Given $\epsilon>0$, we can choose $N>0$ so that $\| f_{N} - f \|_{\infty,vector}<\frac{\epsilon}{3}$. Since $f_{N}$ is uniformly continuous, there exists $\delta>0$, so that if $d(x,y)<\delta$, $\| f_{N}(x) - f_{N}(y) \|_{2}<\frac{\epsilon}{3}$ where $d$ is a metric on $X$. If $d(x,y)<\delta$, we see
$\| f(x) - f(y) \|_{2} \leq \| f(x) - f_{N}(x) \|_{2} + \| f_{N}(x) - f_{N}(y) \|_{2} + \| f_{N}(y) - f(y) \|_{2}$
$\leq 2 \| f - f_{N} \|_{\infty,vector} + \frac{\epsilon}{3} < \epsilon$.
This shows that f is uniformly continuous on X and hence continuous.

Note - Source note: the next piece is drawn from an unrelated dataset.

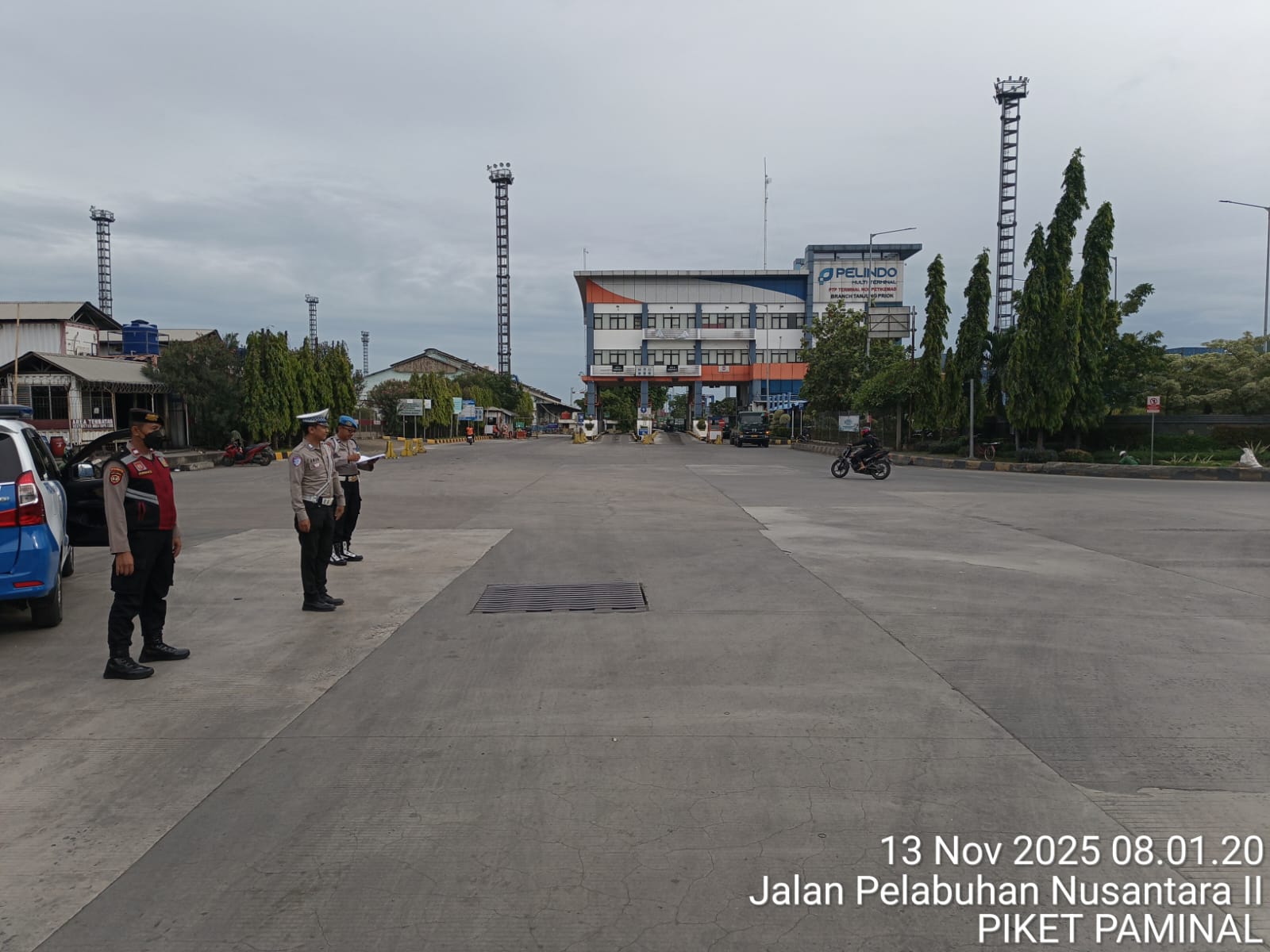 Kapolres Pelabuhan Tanjung Priok, AKBP Dr. Martuasah H. Tobing, S.I.K., M.H., bersama Kasipropam IPTU S. Sukoco, S.H., memimpin langsung pengaturan lalu lintas serta memastikan kesiapan dan kehadiran personel pada setiap titik pengaturan.

Now I've got two questions.
Why does it not matter which norm we use on $\mathbb{R^{d}}$ to define the supremum norm in the vector-valued case? I think the definition makes sense since we know that all norms are equivalent on $\mathbb{R^{d}}$, so that the boundedness of the range w.r.t the Euclidean norm can be used to bound the range with any other norm. The crucial step in the proof was that $\mathbb{R^{d}}$ is complete with the Euclidean norm such that the pointwise limit exists. Is $\mathbb{R^{d}}$ with other norms also complete simply by the equivalence of norms?
How can I show the same results for functions with range $G \subset \mathbb{R^{d}}$ where $G$ is closed? I think the proof in general works fine since a closed subset of a complete space is also complete, but I don't see how I can show that the subset of functions with range $G$ is a vector subspace of $C(X,\mathbb{R}^{d})$. How do we know that the space is closed by addition and scalar multiplication?
Edit:
To be more precise regarding 2): How can we show that the set of continuous functions $f: [a,b] \to G$ where $G \subset \mathbb{R^{d}}$ is closed is a vector space. I think it should be a subspace of $C(X,\mathbb{R}^{d})$. But how can we show that it is closed under addition and scalar multiplication?
Thanks very much for any help and suggestions!